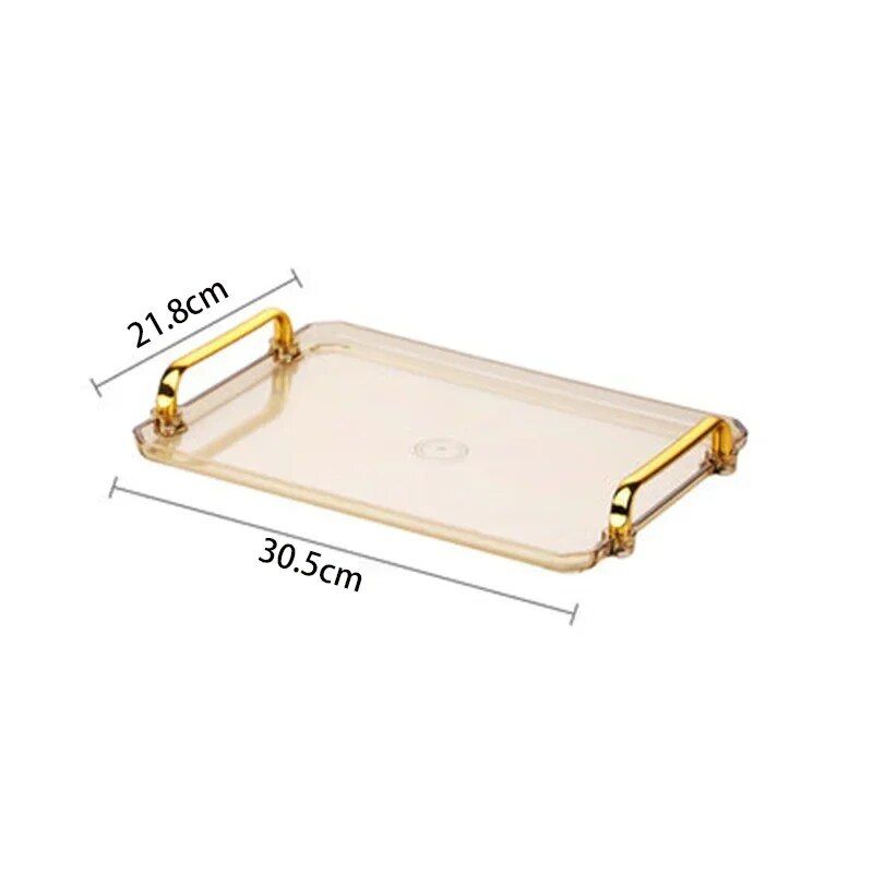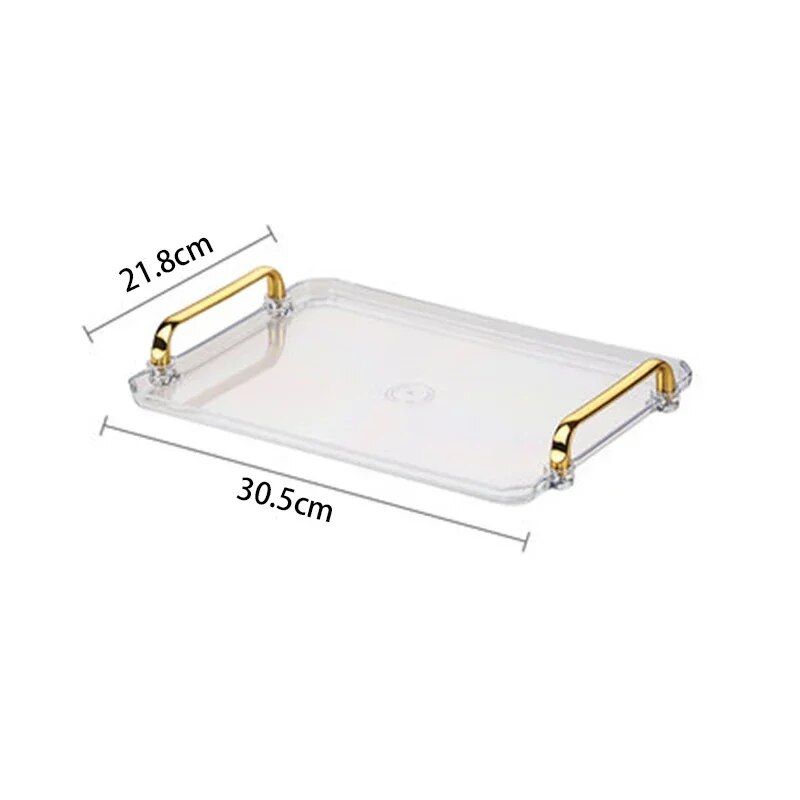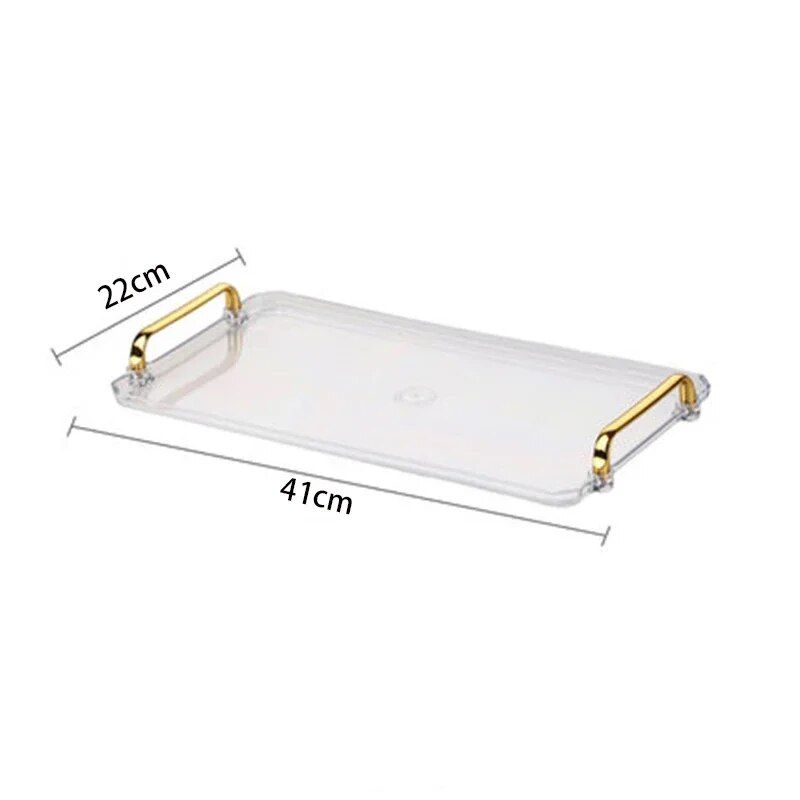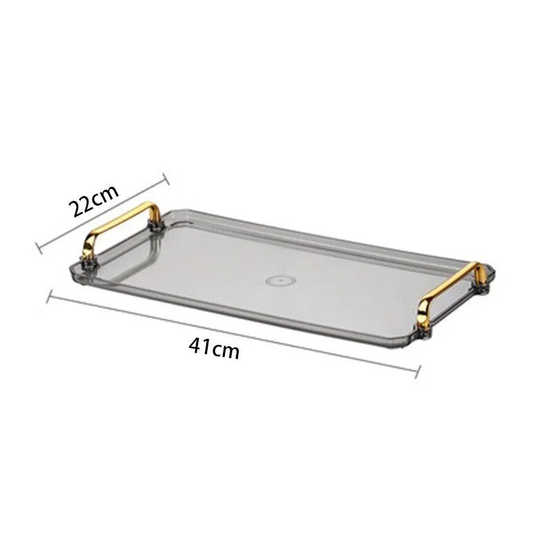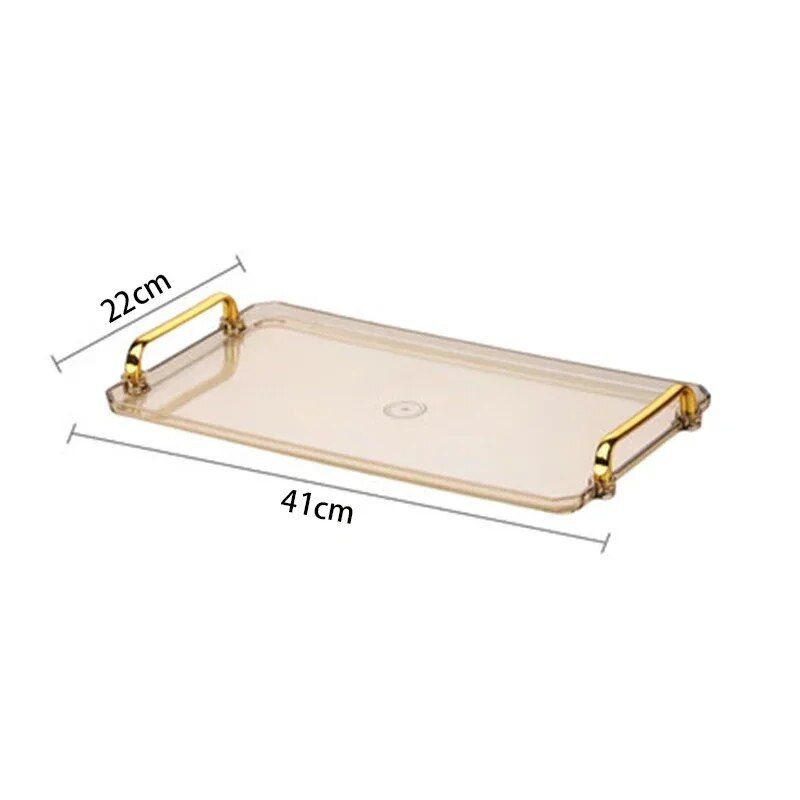 Introducing our stunning Acrylic Decorative Tray, a blend of modern sophistication and practicality. This tray is more than just a household item; it’s a statement of light luxury and modern style. Designed by professional designers, its clear, amber, or light gray color options and gold-plated accents make it an ideal match for any home decor. Perfect for personal use or as a thoughtful gift, this tray elevates the ambiance of any room.
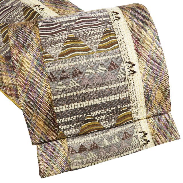 > 袋帯 中古 リサイクル 正絹 フォーマル 仕立て上がり 六通 組織 組帯 箔糸 マルチカラー 茶系色 多色 金 きもの北條 A1106-15
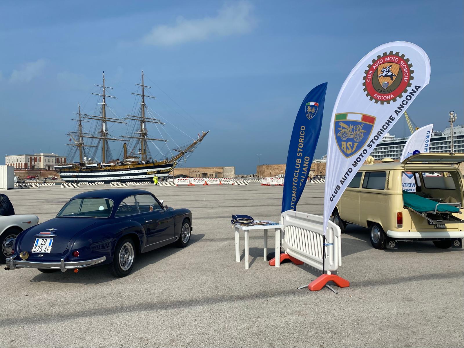 Non è la prima volta che il Club AutoMoto Storiche di Ancona è protagonista al porto di Ancona in occasione dell’arrivo del veliero, con i soci che avevano già esposto i propri mezzi nell’ottobre del 2022 quando fece tappa nel capoluogo di regione.
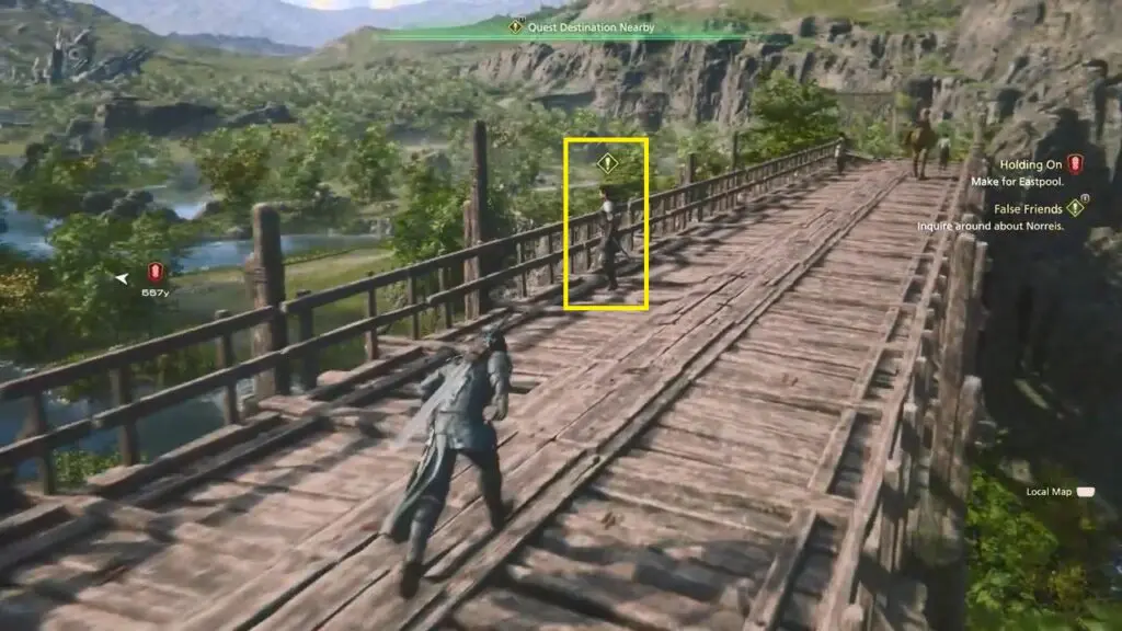 Go through the bridge and proceed down the path in the northeast direction to look for Norreis.
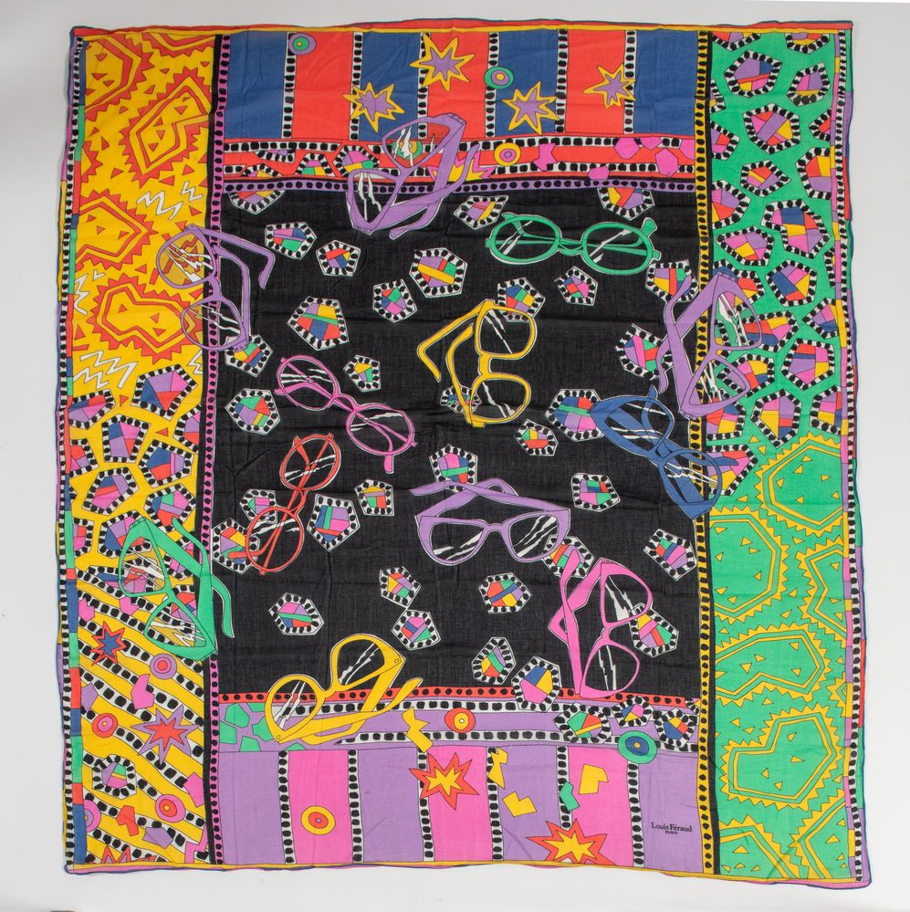 LOUIS FÉRAUD Grande foulard in cotone multicolore. Cm 150x135. Composizione: 100% cotone. Reca marchio Louis Féraud Paris.
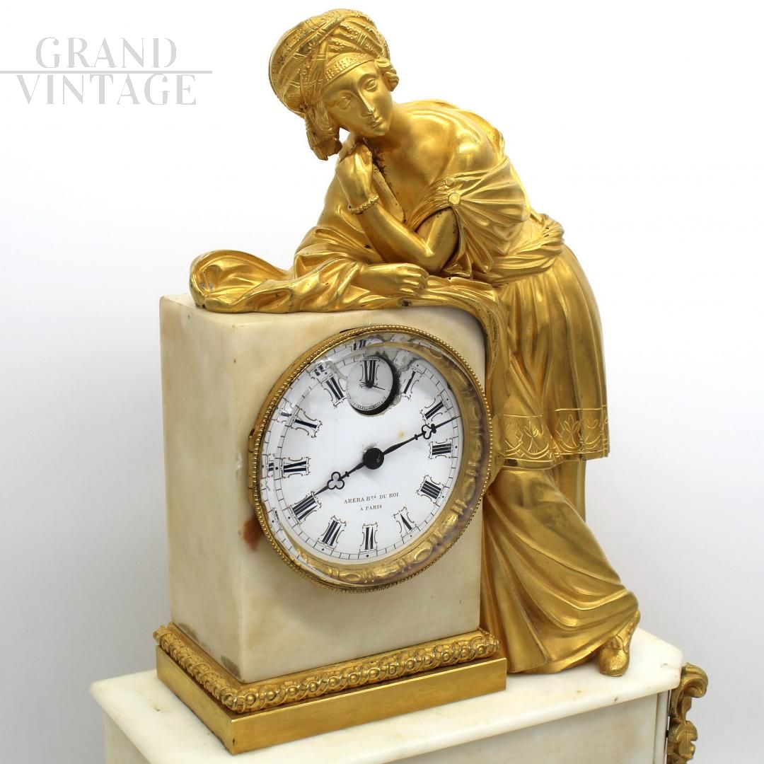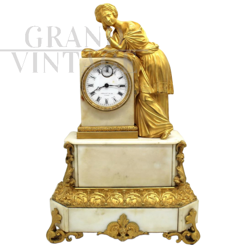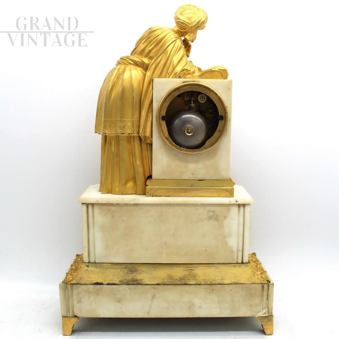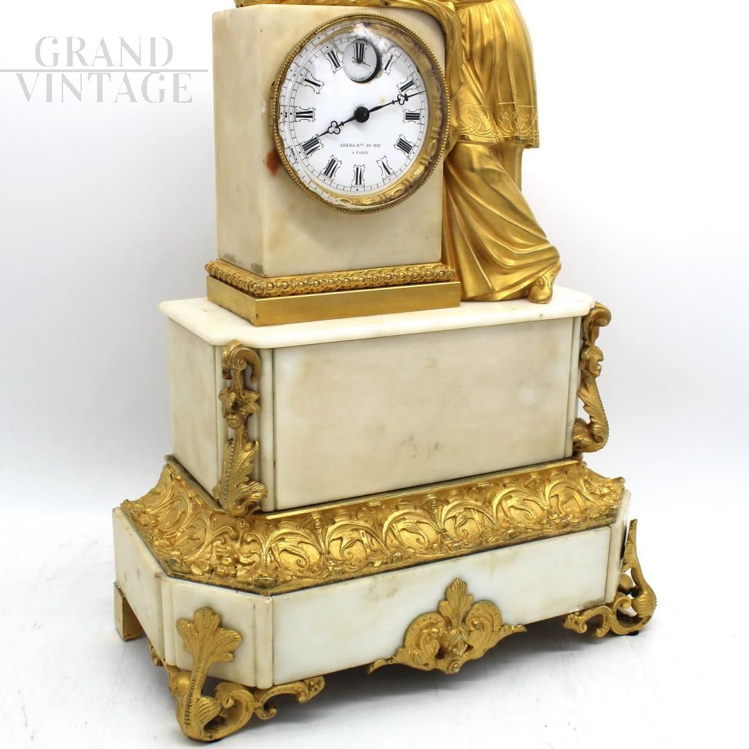 Orologio a pendolo Luigi Filippo in bronzo dorato e marmo bianco.
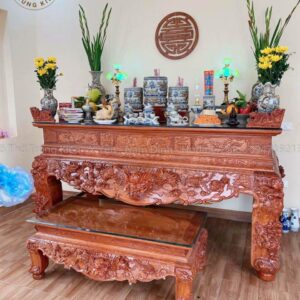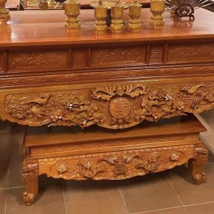 Sập thờ gỗ hương đá mẫu Tứ Linh là lựa chọn hoàn hảo cho không gian thờ cúng trang nghiêm, mang lại sự may mắn và tài lộc. Được chế tác từ gỗ hương đá cao cấp, sập thờ có độ bền vượt trội, vân gỗ đẹp tự nhiên và hương thơm dịu nhẹ. Họa tiết Long – Lân – Quy – Phụng được chạm khắc tinh xảo, tượng trưng cho sự cát tường và hưng thịnh.
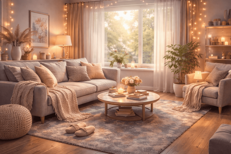 - Свечи и подсветка — создают мягкий свет и ощущение тепла.
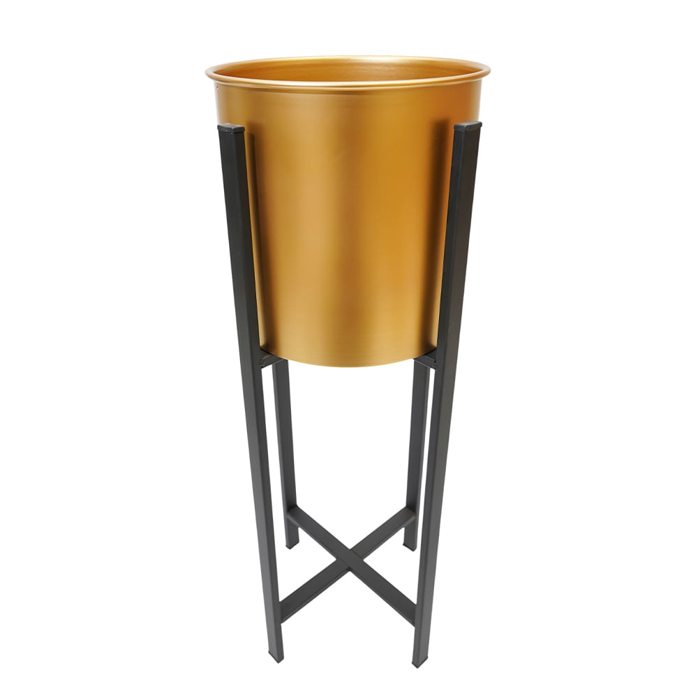 Macetero de metal elevado en dorado y negro, contraste moderno y elegante.
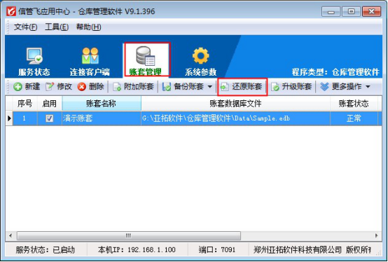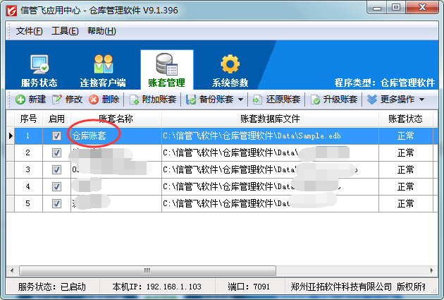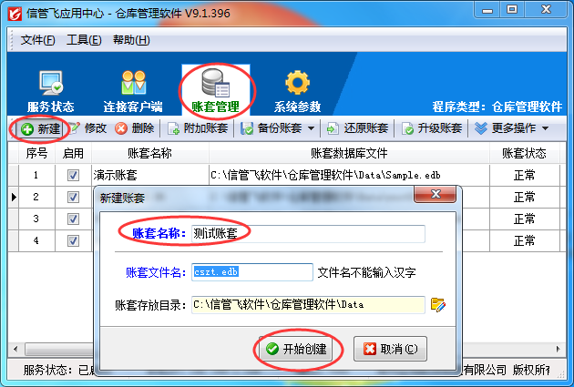 ????賬套即賬套數(shù)據(jù)庫(kù),這是一個(gè)會(huì)計(jì)業(yè)務(wù)引申出來(lái)的概念,賬套數(shù)據(jù)庫(kù)中存儲(chǔ)業(yè)務(wù)數(shù)據(jù)。使用軟件之前建議新增加一個(gè)賬套,用于重新錄入和管理數(shù)據(jù),信管飛RMS、信管飛倉(cāng)庫(kù)管理軟件、信管飛送貨單軟件、信管飛出納記賬軟件、信管飛票據(jù)打印軟件等軟件的賬套都是在主機(jī)電腦的應(yīng)用中心程序上集中管理的,下面我們以信管飛倉(cāng)庫(kù)管理軟件為例詳細(xì)介紹下在使用軟件之前如何新增加一個(gè)賬套?

□ □ □

# WORK TASK
Where pictures appear, omit them, and transcribe exactly, with nothing else, the lines from the line with "LOUIS FÉRAUD Grande" through the final line of the records above, both ends included.

# THE COMPLETED TASK
 LOUIS FÉRAUD Grande foulard in cotone multicolore. Cm 150x135. Composizione: 100% cotone. Reca marchio Louis Féraud Paris.
 Orologio a pendolo Luigi Filippo in bronzo dorato e marmo bianco.
 Sập thờ gỗ hương đá mẫu Tứ Linh là lựa chọn hoàn hảo cho không gian thờ cúng trang nghiêm, mang lại sự may mắn và tài lộc. Được chế tác từ gỗ hương đá cao cấp, sập thờ có độ bền vượt trội, vân gỗ đẹp tự nhiên và hương thơm dịu nhẹ. Họa tiết Long – Lân – Quy – Phụng được chạm khắc tinh xảo, tượng trưng cho sự cát tường và hưng thịnh.
 - Свечи и подсветка — создают мягкий свет и ощущение тепла.
 Macetero de metal elevado en dorado y negro, contraste moderno y elegante.
 ????賬套即賬套數(shù)據(jù)庫(kù),這是一個(gè)會(huì)計(jì)業(yè)務(wù)引申出來(lái)的概念,賬套數(shù)據(jù)庫(kù)中存儲(chǔ)業(yè)務(wù)數(shù)據(jù)。使用軟件之前建議新增加一個(gè)賬套,用于重新錄入和管理數(shù)據(jù),信管飛RMS、信管飛倉(cāng)庫(kù)管理軟件、信管飛送貨單軟件、信管飛出納記賬軟件、信管飛票據(jù)打印軟件等軟件的賬套都是在主機(jī)電腦的應(yīng)用中心程序上集中管理的,下面我們以信管飛倉(cāng)庫(kù)管理軟件為例詳細(xì)介紹下在使用軟件之前如何新增加一個(gè)賬套?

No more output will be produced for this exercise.